| TASK DETAILS |
Drop all images. Then write out each line below exactly as given.

(THE DATA)

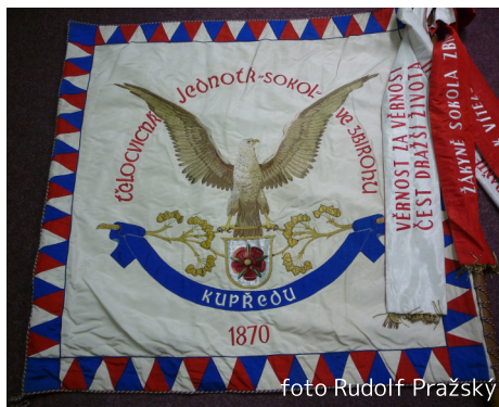
Prapor zbizožských Sokolů

1949 – V měsíci lednu byl soudní okres ve Zbizoze zrušen a přestěhován do Rokycan a sloučen s okresem rokycanským. Při této změně byly odděleny k soudnímu okresu do Hořovic obce: Kařízek, Jivina, Kvaň, Olešná, Zaječov,
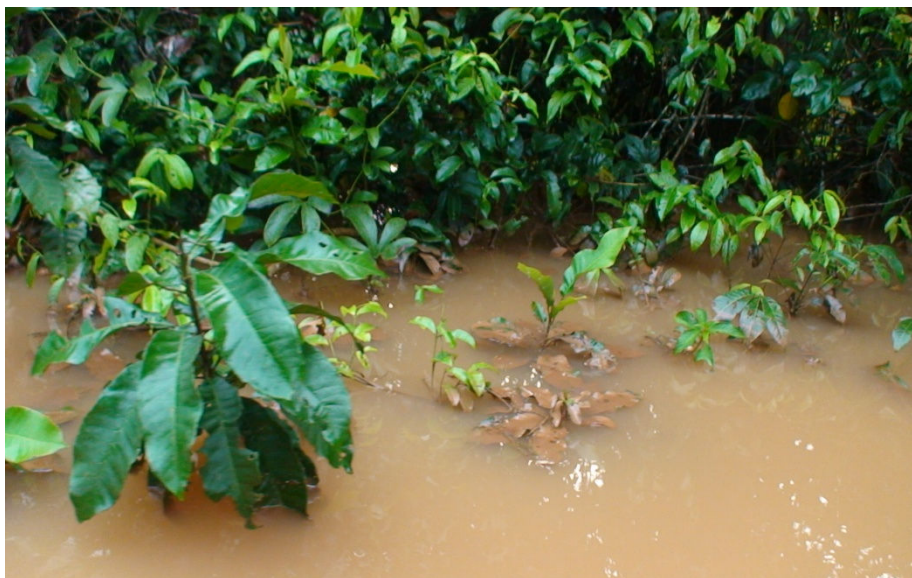
Figura 20 – Igarapé William. Detalhe dos sedimentos provindos da mineração de ouro e suas ações sobre a vegetação ribeirinha. Fonte: (MATTA, 2008).

(End THE DATA)

| EXERCISE RESULT |
Prapor zbizožských Sokolů

1949 – V měsíci lednu byl soudní okres ve Zbizoze zrušen a přestěhován do Rokycan a sloučen s okresem rokycanským. Při této změně byly odděleny k soudnímu okresu do Hořovic obce: Kařízek, Jivina, Kvaň, Olešná, Zaječov,
Figura 20 – Igarapé William. Detalhe dos sedimentos provindos da mineração de ouro e suas ações sobre a vegetação ribeirinha. Fonte: (MATTA, 2008).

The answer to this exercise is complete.